§ DATA EXTRACTS
'''
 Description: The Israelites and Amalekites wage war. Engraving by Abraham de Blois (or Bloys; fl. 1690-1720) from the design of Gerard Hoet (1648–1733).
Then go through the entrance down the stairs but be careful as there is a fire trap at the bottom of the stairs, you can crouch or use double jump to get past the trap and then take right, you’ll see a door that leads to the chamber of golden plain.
'''
'''
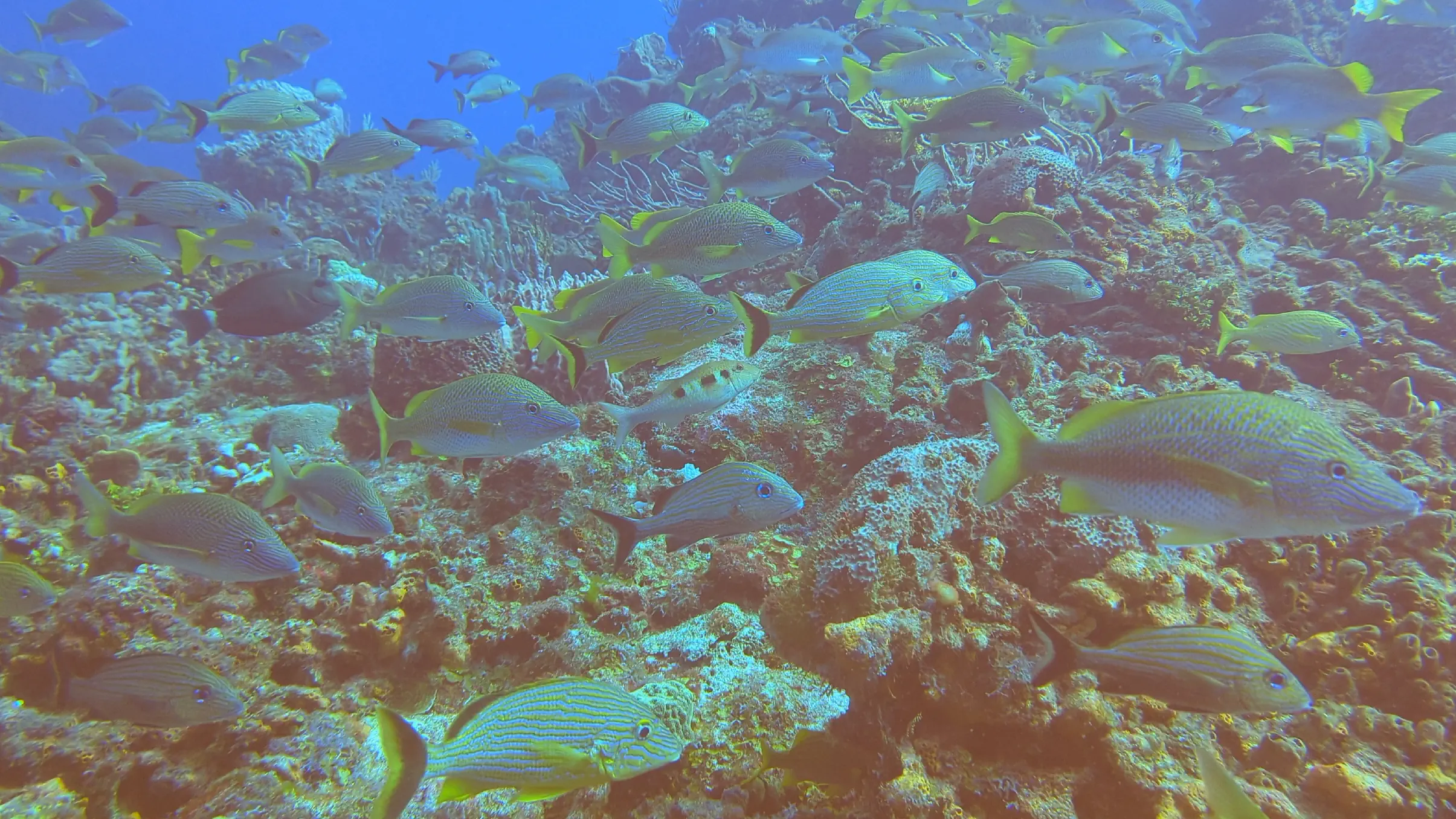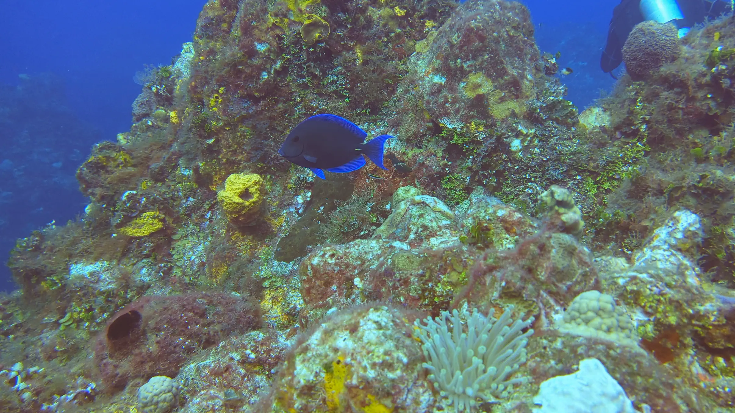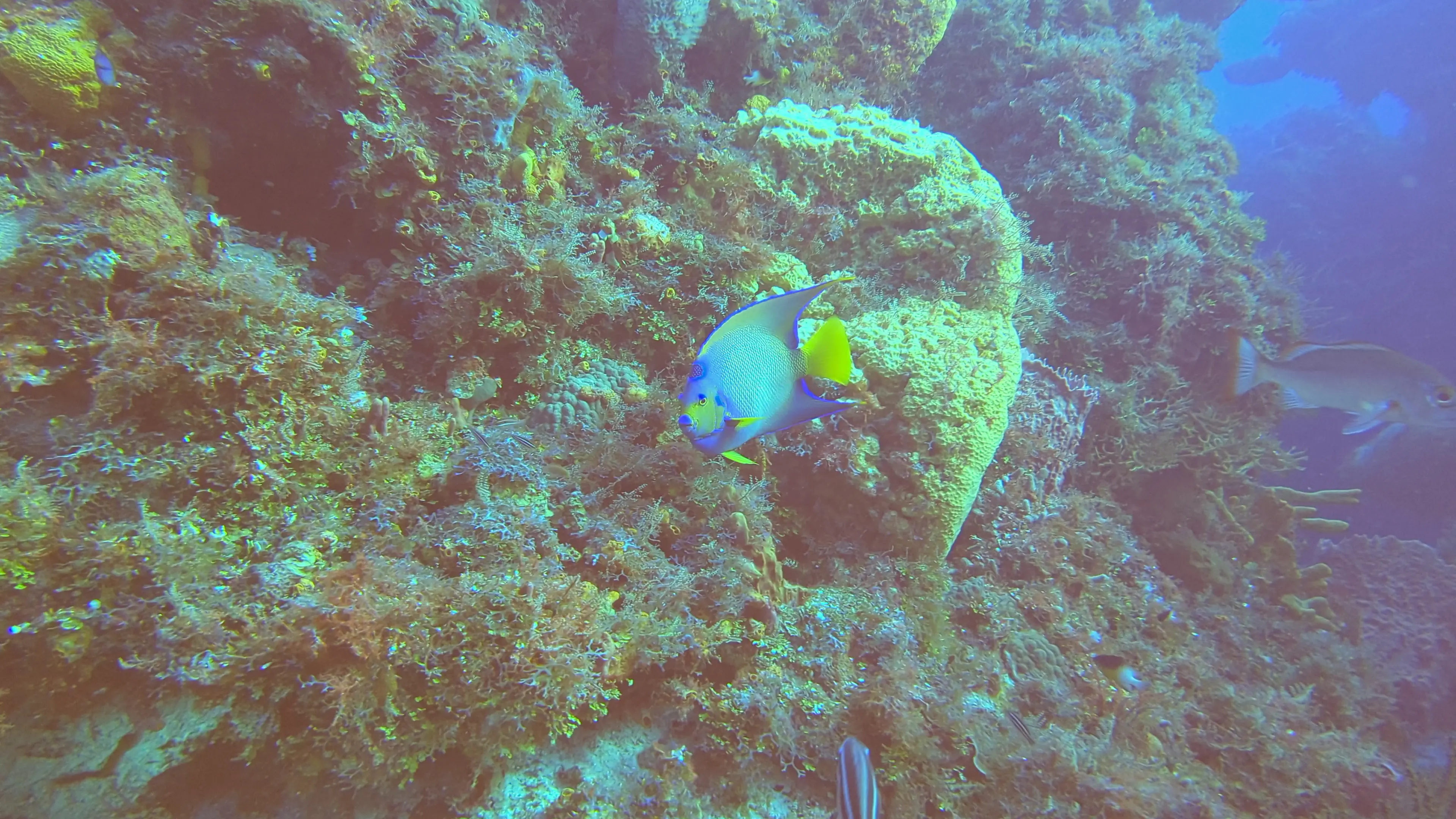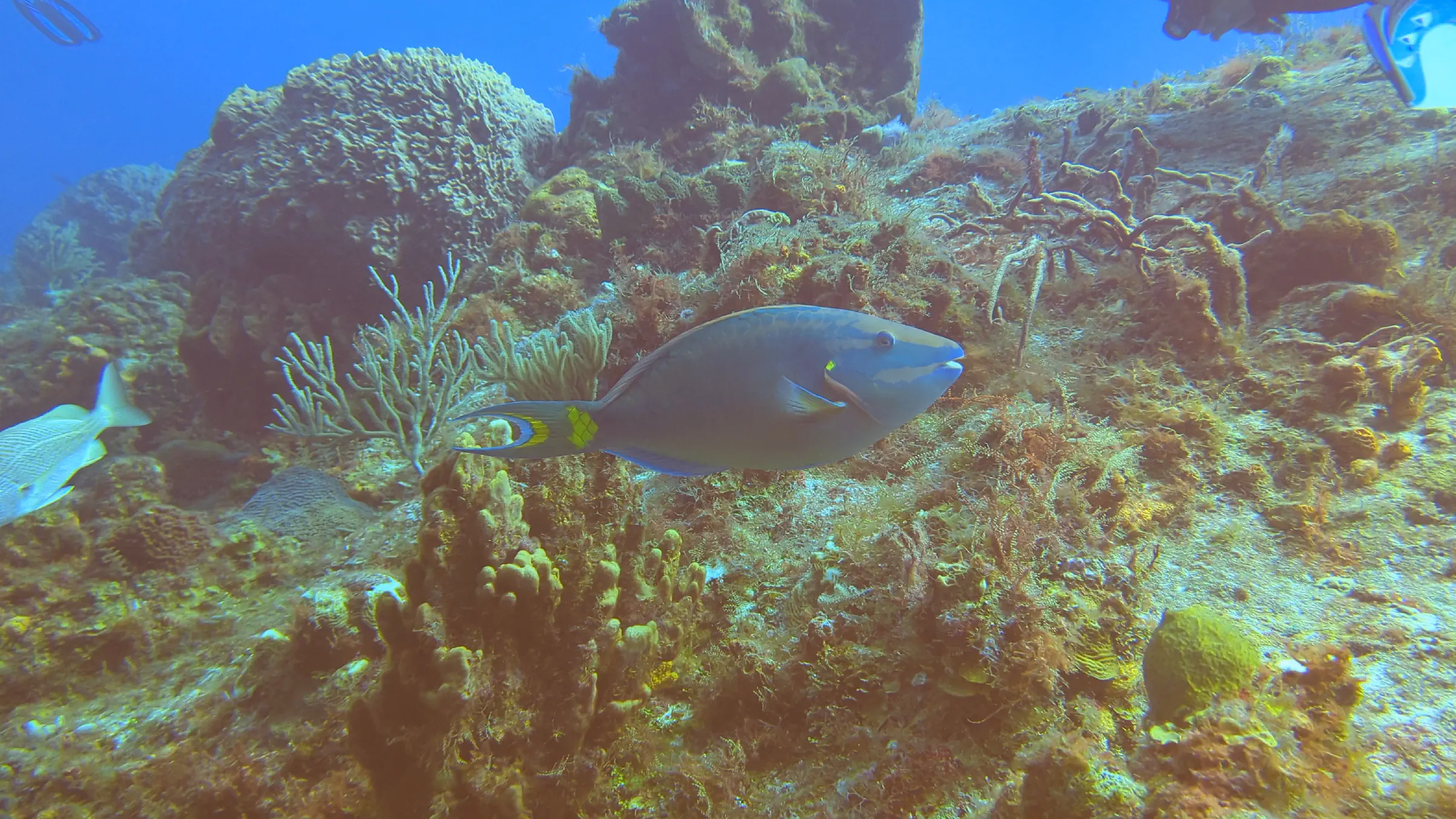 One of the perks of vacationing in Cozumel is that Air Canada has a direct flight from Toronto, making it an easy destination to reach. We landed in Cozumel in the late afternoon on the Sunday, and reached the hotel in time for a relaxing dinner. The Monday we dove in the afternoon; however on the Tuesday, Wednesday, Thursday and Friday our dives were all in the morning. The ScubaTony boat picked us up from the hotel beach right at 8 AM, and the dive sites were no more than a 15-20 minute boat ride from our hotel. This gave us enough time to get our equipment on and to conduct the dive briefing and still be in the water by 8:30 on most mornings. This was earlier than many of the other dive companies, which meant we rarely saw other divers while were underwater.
'''
'''
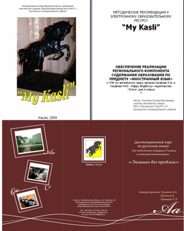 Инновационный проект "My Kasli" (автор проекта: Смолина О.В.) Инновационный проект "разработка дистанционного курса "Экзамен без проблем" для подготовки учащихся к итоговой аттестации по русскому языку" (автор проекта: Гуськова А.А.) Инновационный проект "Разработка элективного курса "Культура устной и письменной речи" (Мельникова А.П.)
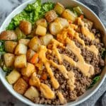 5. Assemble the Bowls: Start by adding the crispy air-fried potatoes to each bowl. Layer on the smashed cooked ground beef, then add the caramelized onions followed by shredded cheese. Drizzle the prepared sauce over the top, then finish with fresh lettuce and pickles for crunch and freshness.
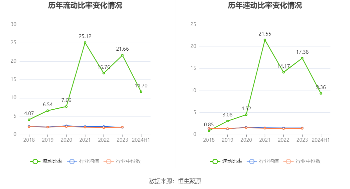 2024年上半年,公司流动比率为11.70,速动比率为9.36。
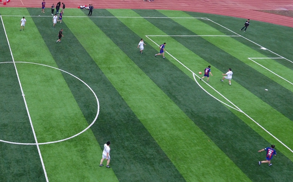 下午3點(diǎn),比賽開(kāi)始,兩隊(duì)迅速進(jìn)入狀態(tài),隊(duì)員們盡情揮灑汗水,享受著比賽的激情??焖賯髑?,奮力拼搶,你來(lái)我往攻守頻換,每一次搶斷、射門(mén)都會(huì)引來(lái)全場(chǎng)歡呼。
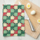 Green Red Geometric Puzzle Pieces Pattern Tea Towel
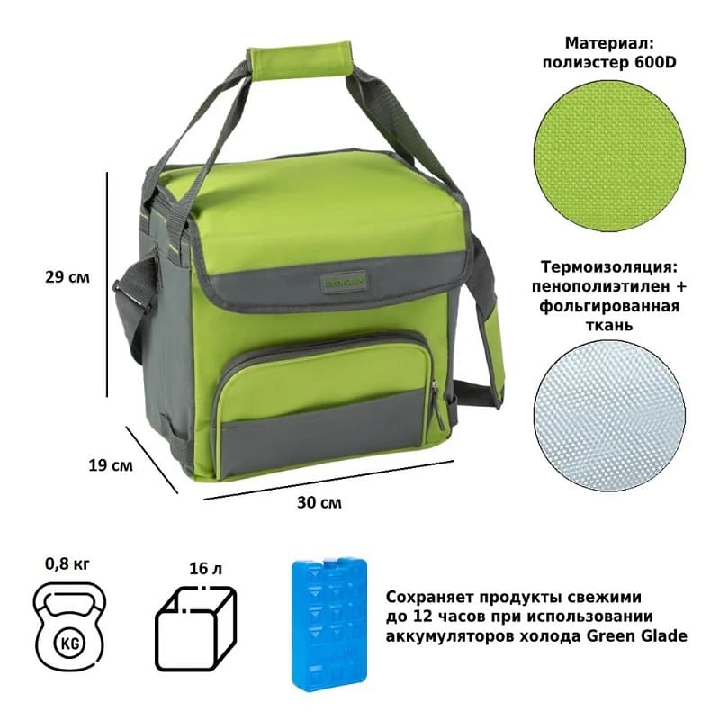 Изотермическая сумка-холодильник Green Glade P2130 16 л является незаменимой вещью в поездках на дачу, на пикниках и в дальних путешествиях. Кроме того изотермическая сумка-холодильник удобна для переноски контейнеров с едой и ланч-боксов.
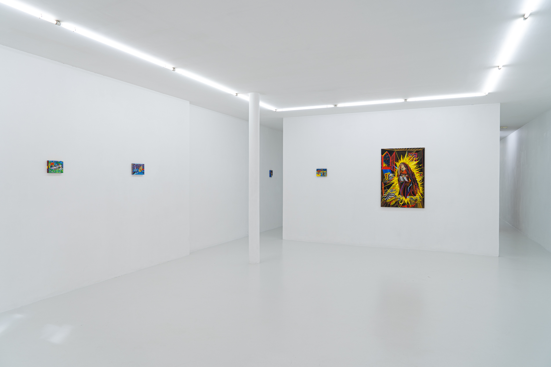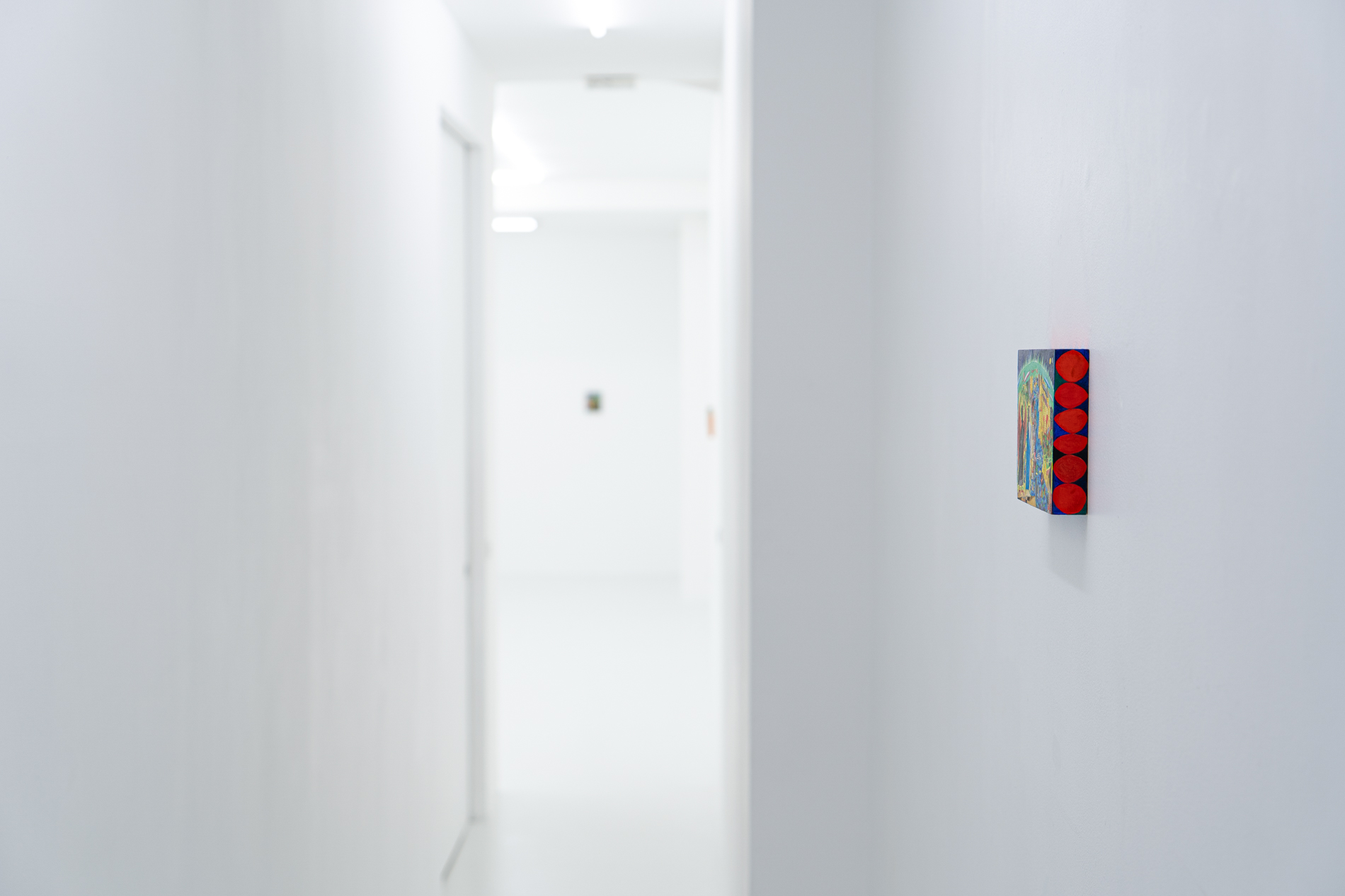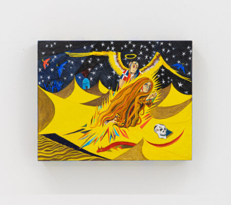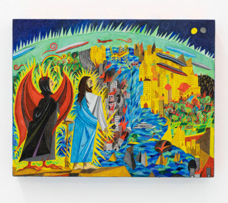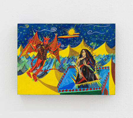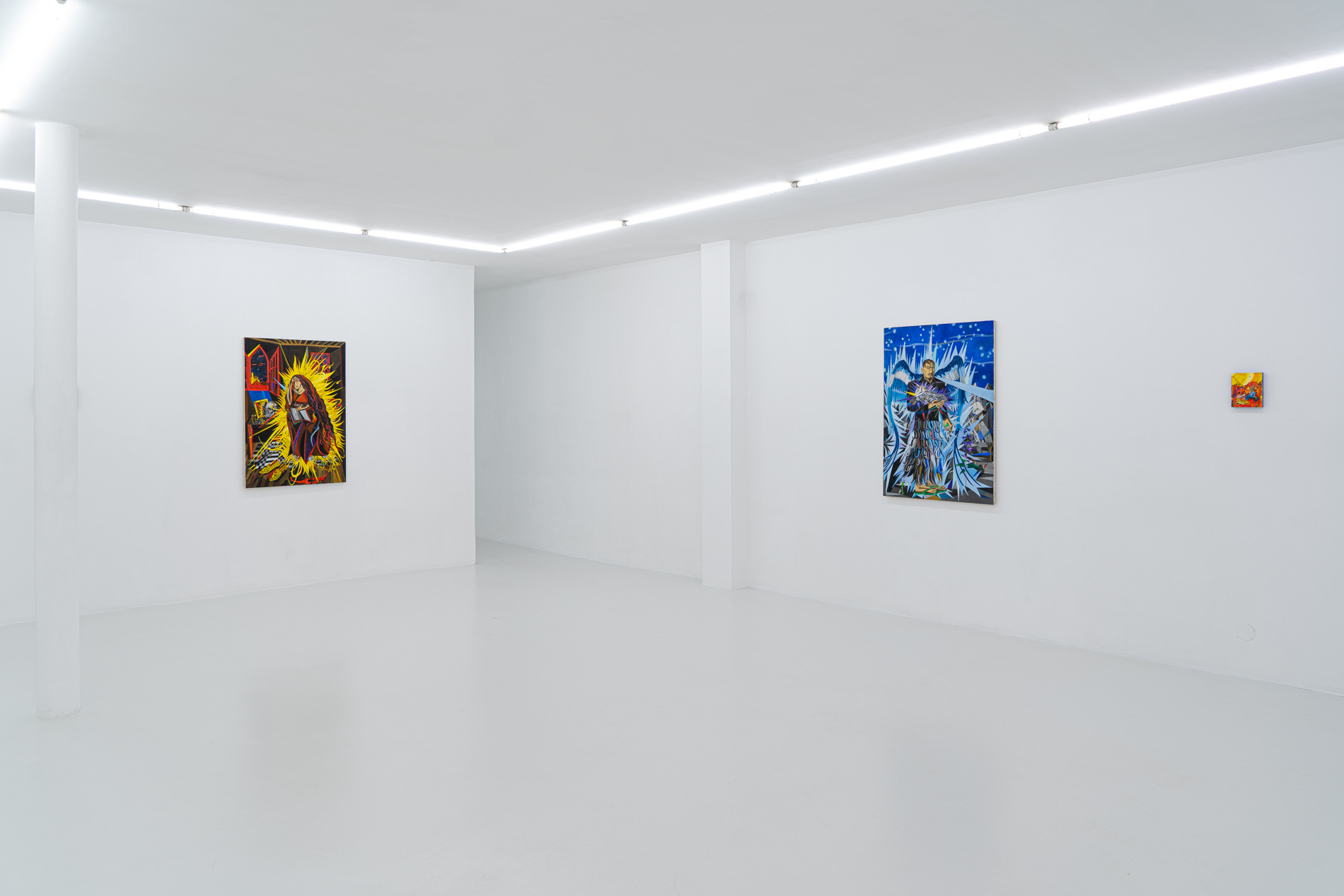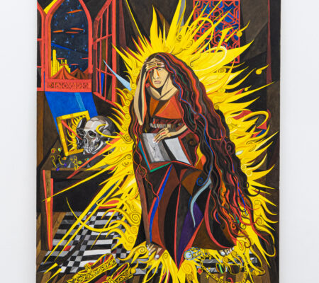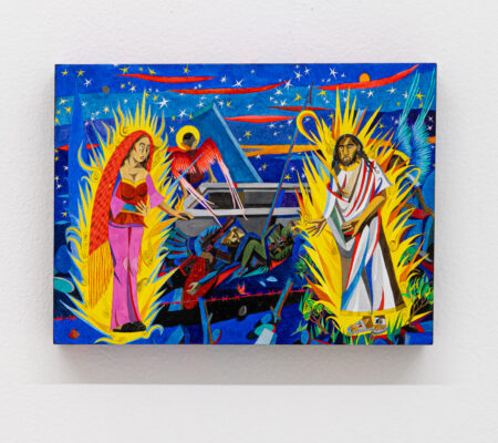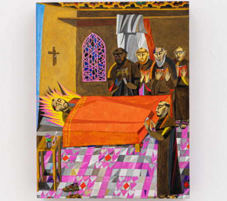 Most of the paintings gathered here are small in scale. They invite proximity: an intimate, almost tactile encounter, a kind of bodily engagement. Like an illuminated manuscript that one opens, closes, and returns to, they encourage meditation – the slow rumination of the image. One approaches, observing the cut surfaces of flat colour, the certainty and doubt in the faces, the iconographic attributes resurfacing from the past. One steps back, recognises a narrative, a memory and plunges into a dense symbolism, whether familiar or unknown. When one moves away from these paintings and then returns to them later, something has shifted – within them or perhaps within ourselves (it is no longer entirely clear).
'''
§ AIM OF THE EXERCISE
Take the lines above from the one containing "Description: The Israelites" to the one containing "Then go through" and retype them exactly, both ends included, with nothing added.

§ TASK RESULT
 Description: The Israelites and Amalekites wage war. Engraving by Abraham de Blois (or Bloys; fl. 1690-1720) from the design of Gerard Hoet (1648–1733).
Then go through the entrance down the stairs but be careful as there is a fire trap at the bottom of the stairs, you can crouch or use double jump to get past the trap and then take right, you’ll see a door that leads to the chamber of golden plain.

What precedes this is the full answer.